- Directed by: Michael Jacot
- Written by: Michael Jacot
- Starring: Jon Granik Nuala Fitzgerald Milena Dvorská Al Waxman
- Cinematography: Jiří Tarantík
- Edited by: Anthony Bower
- Music by: Milan Kymlicka
- Production companies: Michael Jacot Productions Barrandov Studios
- Distributed by: Michael Jacot Productions
- Release date: October 2, 1970;
- Running time: 98 minutes
- Country: Canada
- Language: English

= The Last Act of Martin Weston =

1970 film by Martin Jacot

The Last Act of Martin Weston is a Canadian-Czech drama film, directed by Michael Jacot and released in 1970. The film stars Jon Granik as Martin Weston, an American businessman working in Prague who is dissatisfied with his life and planning his suicide.

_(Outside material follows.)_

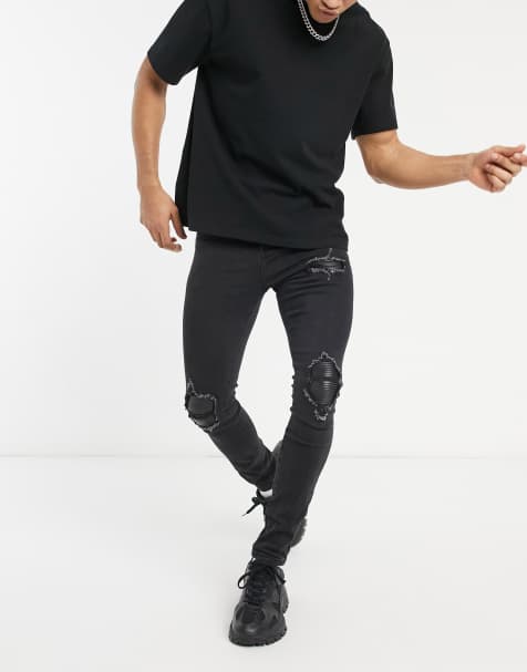 Asos Extreme Super Skinny Jeans In Black With Side Stripe Asos

The cast also includes Nuala Fitzgerald, Milena Dvorská and Al Waxman.

The film had originally been planned to be set and shot in Canada; however, after Jacot failed to secure funding from the Canadian Film Development Corporation, he instead reached a deal with the Czech production firm Barrandov Studios to shoot the film in Prague.

The film premiered in competition at the 22nd Canadian Film Awards. It was also later screened at the 1971 Cannes Film Festival as part of Cinema Canada, a non-competitive lineup of Canadian films.